Research Roundup: September & October 2018

Wednesday, November 7, 2018
By Jennifer Kornbluth
Lab photo

Here are summaries of a selection of the papers published by Duke Neurobiology in September and October 2018:

Motor Learning:

Court Hull and Elizabeth Fleming found how serotonin (5-HT) reduces granule cell activity without altering temporal representations of mossy fiber input. Such changes in network integration could enable flexible, state-specific suppression of cerebellar sensorimotor input that should not be learned or enable reversal learning for unwanted associations.

Timothy Darlington, Jeffrey Beck, and Stephen Lisberger have discovered how brain circuits combine past experience and sensory inputs. 

The Hull lab shows that the cerebellum can learn from correct movements, not just movement errors. 


Using a transgenic mouse line, Henry Yin and collaborators show that mice with deletion of brain-derived neurotrophic factor (BDNF) and its receptor TrkB exhibit social dominance and decreased inhibition within the prefrontal cortex, a key region regulating social behavior. Reversal of the network imbalance with optogenetic inhibition could rescue the behavior. Their results reveal a role of growth factor signaling within cortical interneurons for the development of social cognition.

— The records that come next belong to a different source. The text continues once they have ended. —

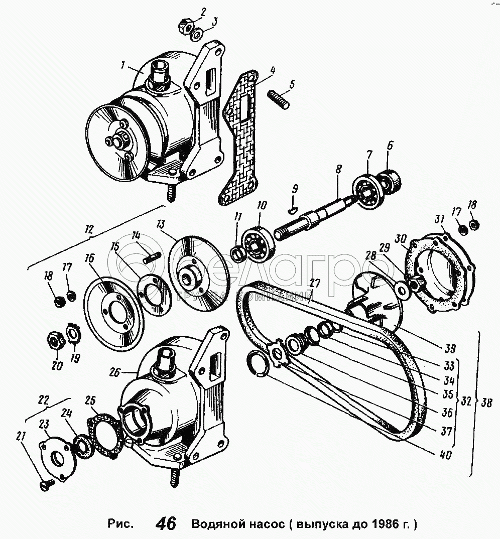 Каталог запасных частей к технике: ЯМЗ-238 Л. Водяной насос (выпуска 1986 г.)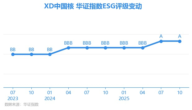 日前,华证指数公布了新一期(2025年10月31日)的ESG评级结果,中国核电(601985.SH)获得A评级(华证指数评级为C起至AAA九档,C为最低档,AAA为其最高一级评级/AA为其第二档),上一期(2025年7月31日)ESG评级为A。本期ESG评级在58家电力公用事业行业A股上市公司中排名第4(上一期排名第4)。
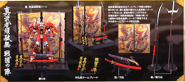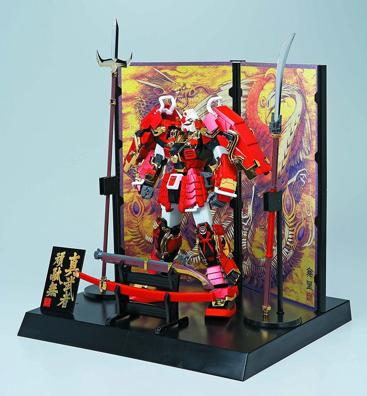 This deluxe "Sengoku no Jin" box set packs the previously released MG Shin Musha Gundam MG kit, this time molded in gloss colors and shiny gold plating, together with brand new accessories including a gorgeously illustrated folding screen, dedicated stands for each weapon, and a custom base to create an eye-catching presentation resembling a traditional Boys' Day samurai doll display!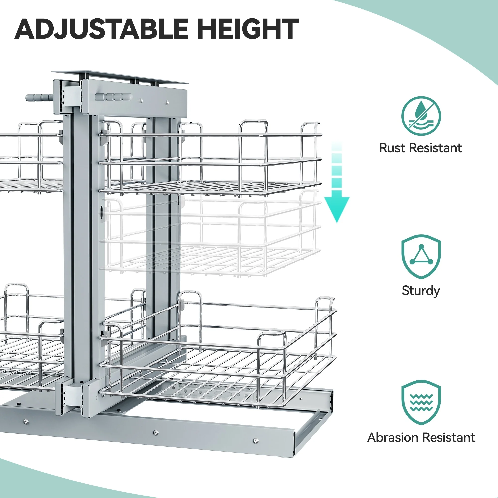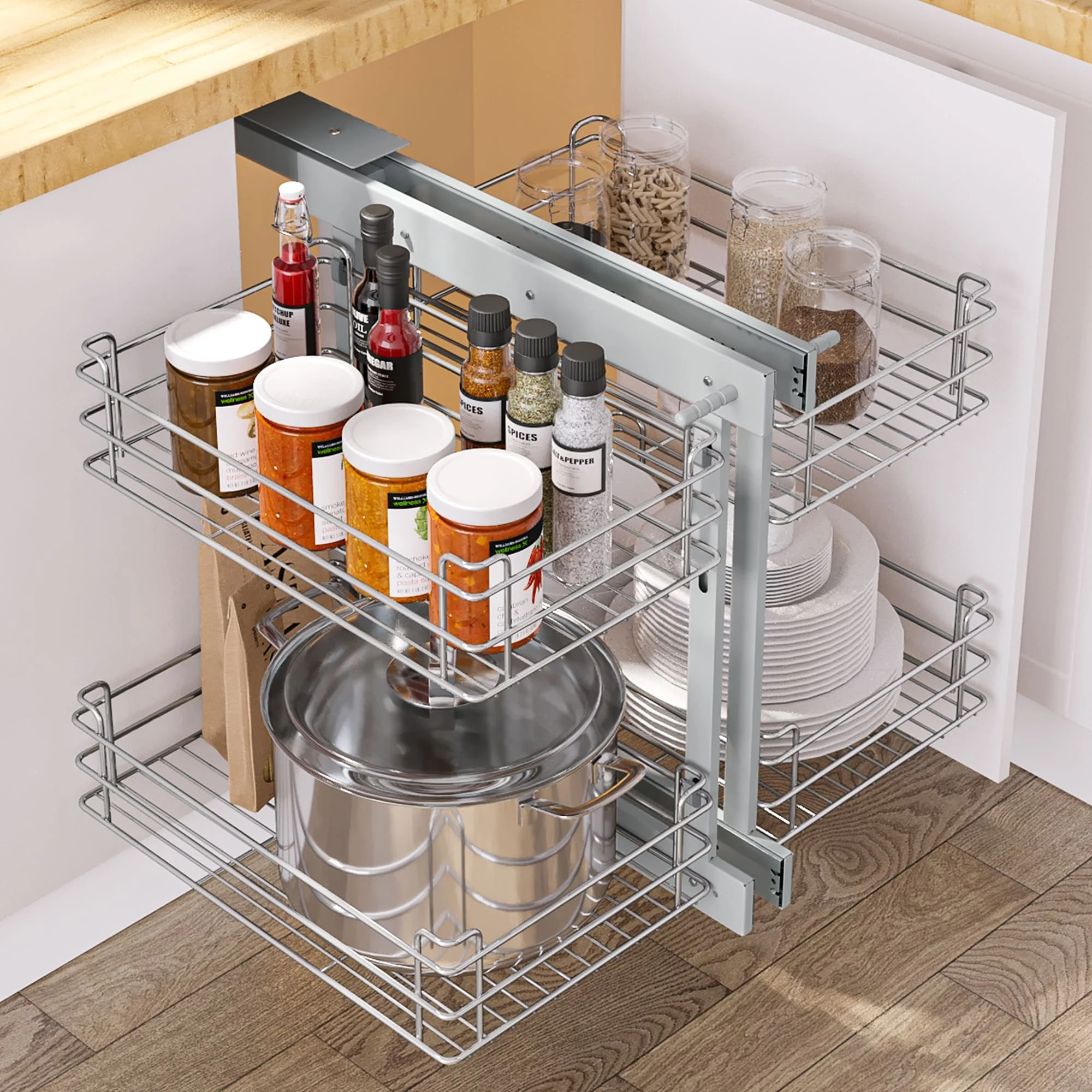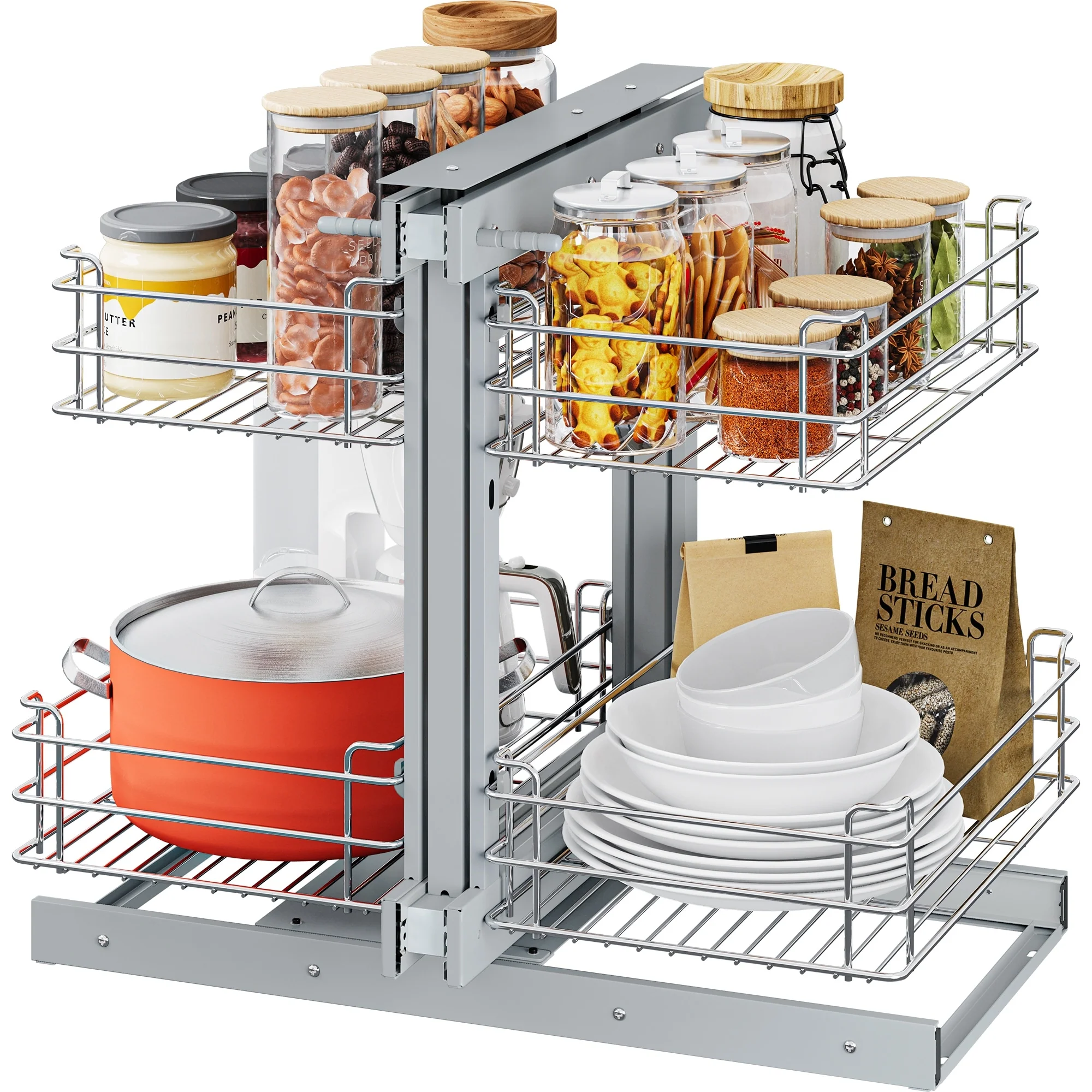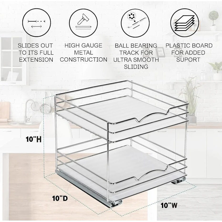 Hold N' Storage - 2 Tier Pull Out Cabinet Organizer for Spices, Cans - Heavy Duty with Lifetime Limited Warranty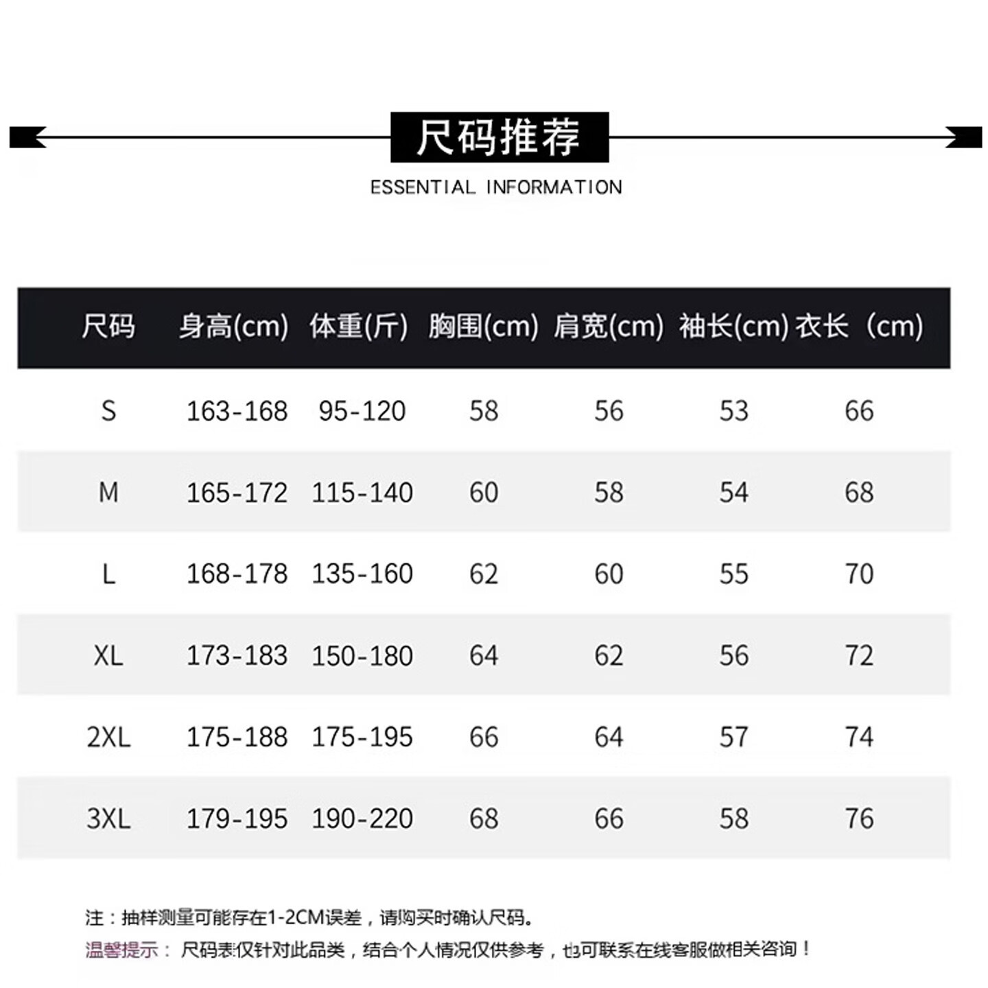 China (cm) 165 / 88-90 170 / 96-98 175 / 108-110 180 / 118-122 185 / 126-130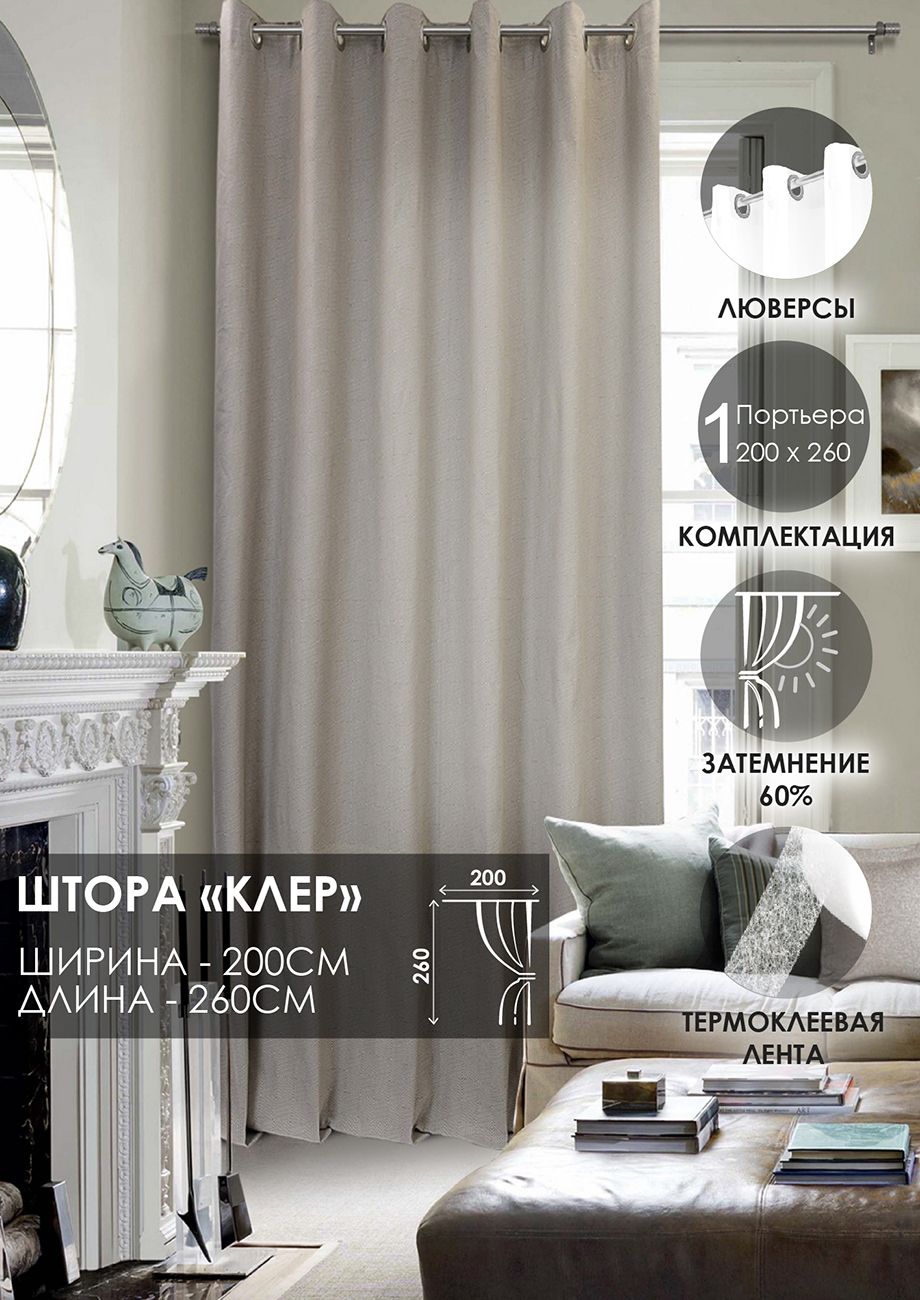 Штора на люверсах "Клер" 200х260, цвет бежевый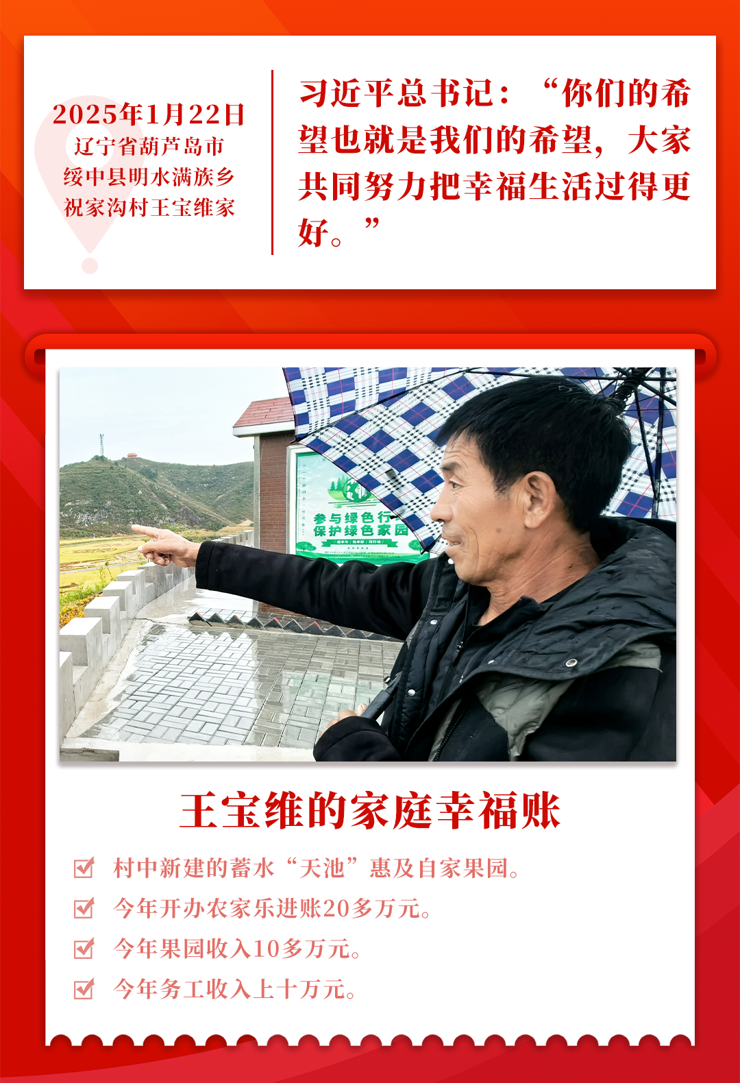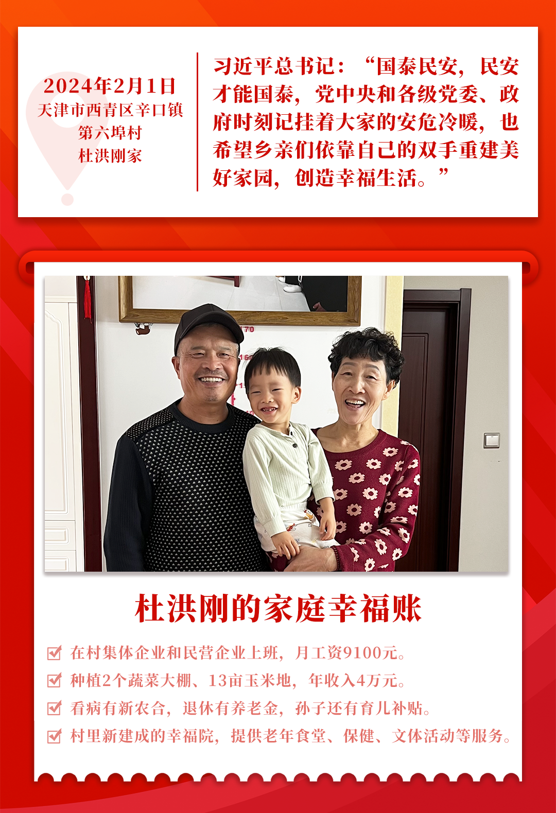 “临别时,总书记跟乡亲们说‘国泰民安,民安才能国泰’,这话我一直记到现在。”如今,杜洪刚的账本上,清晰写着:今年全家总收入能有23万多元,比去年增长了3万多元。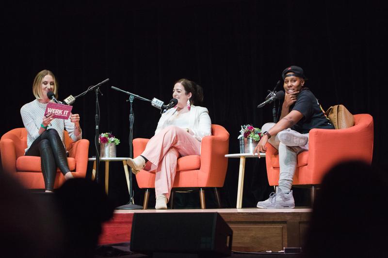 (L to R) Nora McInerny, Maeve Higgins and writer/actor Lena Waithe speaking at the 2017 Werk It Festival.
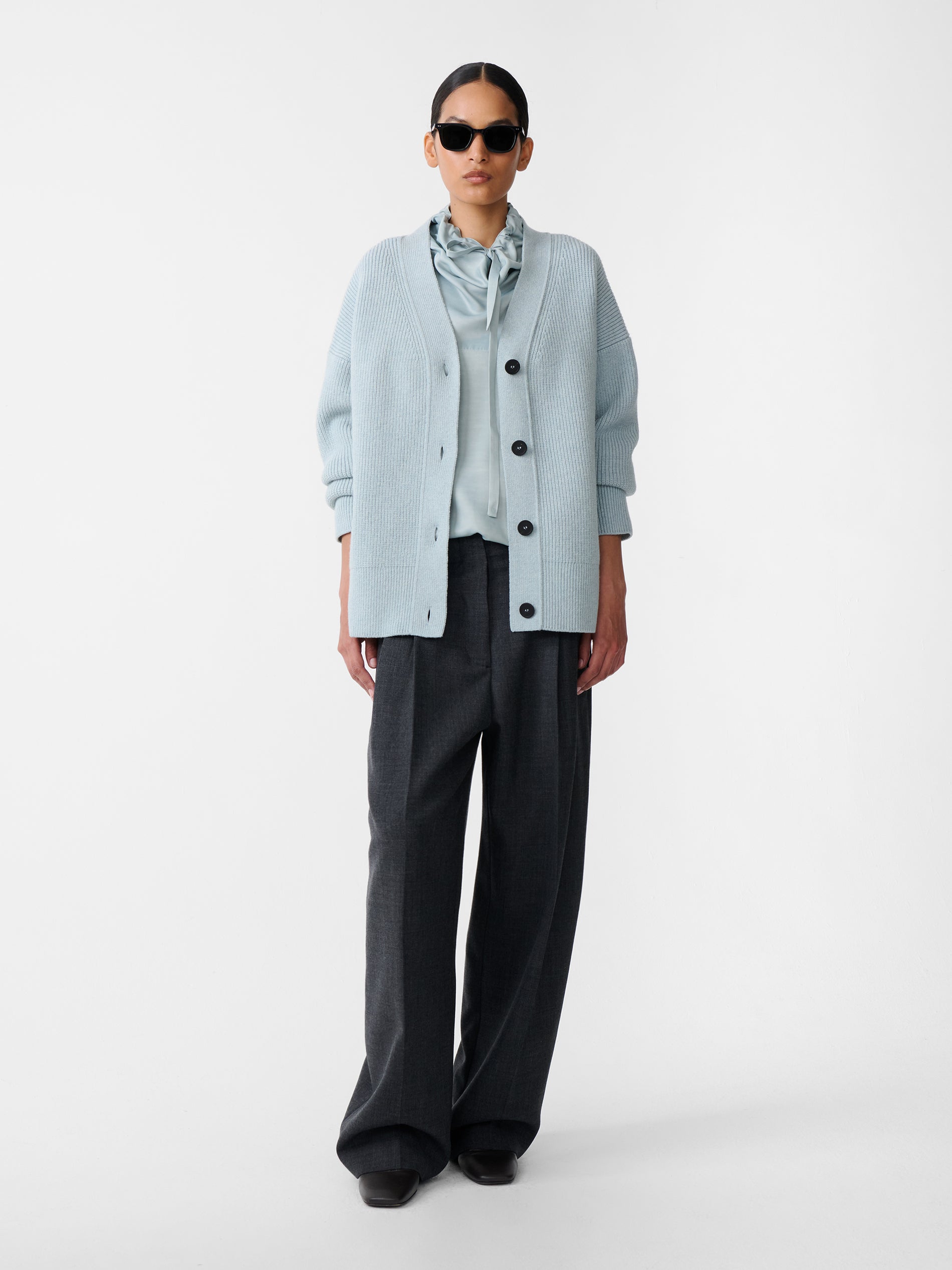 Our Whitt cardigan is defined by its versatility. Perfect for layering, it’s crafted in our merino wool rib – a RWS-standard extrafine merino wool that has a satisfyingly hefty hand feel. Whitt is constructed to a boxy fit with dropped shoulders that recall the relaxed knits featured throughout our Winter ’25 collection.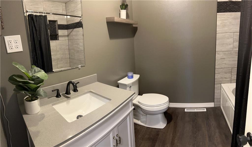 This beautiful 4 bedroom home is located where neighbors describe it as, ''the best area they've ever lived in!'' It absolutely feels like home! Charming, warm & move-in ready for you to make new memories & holiday traditions. Remolded with high end finishes & only a few things left to do, such as adding your own lit tree. As you pull up, your eye is drawn to the modern, sleek, color of the home. Not only does the sharp color have the wow factor, but the new eco friendly siding protects against weather damage, fading & is resistant to fire & pests. You'll love the low maintenance, along with new gutters, soffits, downspouts & privacy fencing. Park in the attached garage & once inside, you'll be in awe by the new wood plank flooring throughout the majority of the home, new lighting, paint colors & sleek design. Cozy up to the wood burning fireplace & enjoy the overflow space for holiday gatherings with a 2nd family room present. The bathrooms have been renovated using modern design & a new efficient HVAC system was recently installed for winter cost savings. A potential 2nd Master Bedroom, with retro originality, is located along the back section of the home, with an ensuite new full bath, laundry & private patio access. The original blonde hardwood floors are present in 3 of the bedrooms, allowing for the blending styles of antique & modern chic decor. If you love to cook, you'll be drawn to the spacious kitchen with white painted cabinetry, original custom ginger trim, a farm-style deep sink, black marble counters accented with white subway tiles, all new black & stainless appliances making it a kitchen fit for a queen! During cool evenings, enjoy the expanded back yard & patio area relaxing while roasting marshmallows around the firepit. This is an absolute must see when you're looking for space, beauty & home upgrades galore!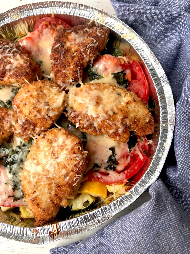 - Sprinkle the reserved breadcrumbs over the zucchini. Top with tomato slices; sprinkle with mozzarella cheese, basil and the remaining salt. Top with chicken. Cover and bake at 400° until a thermometer reads 165°, about 25 minutes. Uncover; sprinkle with remaining cheese. Bake until the cheese is melted, about 10 minutes.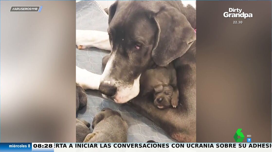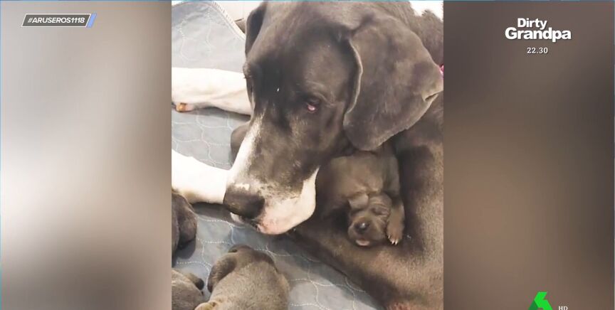 Alfonso Arús enseña en el plató de Aruser@s este vídeo que "está dando la vuelta al mundo". Su protagonista es una perra Gran Danés que ha dado a luz a 15 cachorros. La perra llegó a un centro de acogida de animales en la recta final de su embarazo, lo que nos esperaban sus cuidadores que es tendría hasta 15 cachorros.

Greg Field's Lab demonstrates that one type of retinal cell allows mice to be a bit more sensitive to movement in general when it’s dark out, which likely helps them avoid nocturnal predators. 

Kevin Bolding and Kevin Franks revealed how odor identity is preserved in the piriform cortex in spite of wide variations of odor intensity.

Rich Mooney's lab used auditory virtual reality to demonstrate a noise-cancelling circuit in your brain that filters out the thump-thump-thump of your footsteps so that you can hear other things while you walk. 


Al La Spada and collaborators review the intricate genotype–phenotype relationships and common cellular pathways emerging from recent genetic and mechanistic studies.